Peace prize awarded to human rights defender Peter Steudtner from Quaker Help Foundation

Berlin, 29 November 2017 – Human rights defender Peter Steudtner, who was just recently released from custody in Turkey, will be awarded the first Peace Prize of the German Quäker-Hilfe Stiftung (QHS). “We want to pay tribute to Peter‘s courageous and long-time dedication to peace and human rights work. His commitment to anti-violent conflict resolution, peace and justice is outstanding. The award is honouring a person who stands for human rights as well as for the freedom of the press and freedom of speech”, Manuela Kikillus, Director of Quäker-Hilfe Stiftung, said.

 

QHS launches its Peace Prize on the occasion of the 100th anniversary of Quaker aid-projects in Germany. The prize is intended to honour individuals and initiatives that have made a special contribution to peaceful and just coexistence of people on both, a global and local scale. For many years, Peter Steudtner has campaigned for violence prevention and peacebuilding and thus for a more just and humane world where human rights are fully respected and war, violence and oppression are banned.
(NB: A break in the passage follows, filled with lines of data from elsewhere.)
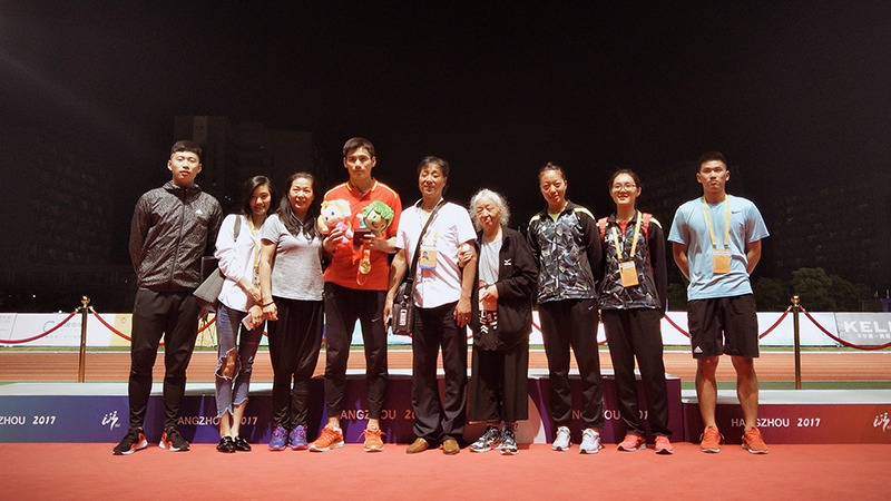 (我校撑杆跳运动员和教练员团队)
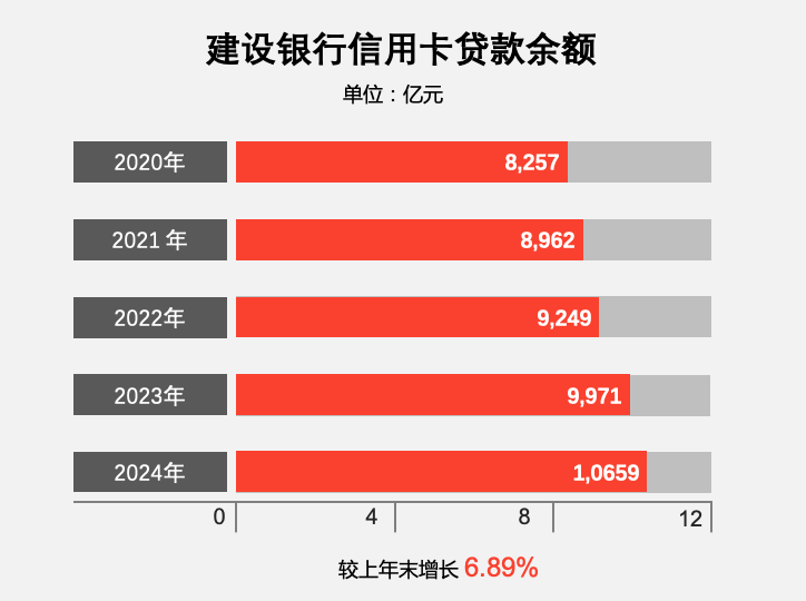 截至2024年末,建设银行信用卡贷款余额10,658.83亿元,较上年末增长6.89%,成为全国首家信用卡贷款规模破万亿的银行;
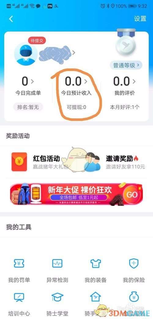 2、点击中间的“今日预计收入,可提现”
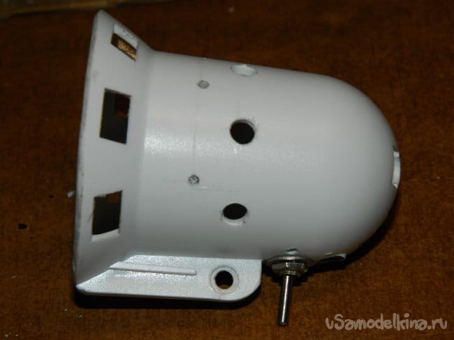С противоположной стороны выфрезеровал место под микротумблер SMTS-102-2A2 и, просверлив сбоку плафона отверстие ø5 мм, установил его. По бокам плафона насверлил отверстия для охлаждения, а также сделал резьбовые отверстия для крепления сборки светодиодов.
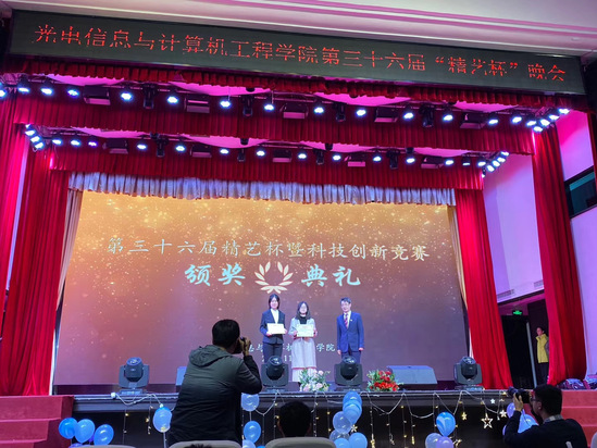 《咏春》以优美的古风乐曲、华美的画面和轻柔的舞步拉开了晚会的帷幕。随后陈海瑾为晚会致辞,她讲述了在光电学院发展中的亲身感受,总结了这一年来光电学院的丰硕成就,并为全体光电学子送上了衷心祝愿。在播放了光电学子在各类科技竞赛中的照片集锦后,随即进行光电新能力杯、明佳昕仁杯及光电学院第一届“院长奖”的颁奖典礼,嘉宾们为在各个赛场上斩获颇丰的获奖者颁发了获奖证书,并鼓励同学们能够更加重视对科创能力的培养。

Among others, he worked with initiatives and NGOs, such as “gewaltfrei handeln”, “KURVE Wustrow” and the “INKOTA network”. In summer he accepted an invitation from Turkish human rights organisations to attend a workshop on wellbeing and digital security. He was detained in Istanbul on 5 July and was held in Silivri Prison, near Istanbul, along with nine other human rights defenders for allegedly aiding a terror group. On 26 October he was released and allowed to return to Germany, while charges against him remained in force.

 

“Peter Steudtner stands for democratic empowerment and civil resistance. He has given an example of peaceful and anti-violent action against the threatening rise of authoritarian thought”. Kikillus said, the QHS-Peace Prize aims at sending out a signal for peace and justice in an increasingly unsecure world. Cooperation and consent at both, the national and international level, are mandatory for establishing lasting peace in a globalised world.

 

Quakers, the religious society of friends, have been known in Germany especially for their aid programs after both World Wars and their uncompromising stance with which they opposed the Nazis. In 1947 they were granted the Nobel Peace Prize.

 

The award ceremony will take place on 5 December at 12 pm at Gethsemanekirche Berlin. The laudatory speech will be given by Wolfgang Thierse, former President of the German Bundestag.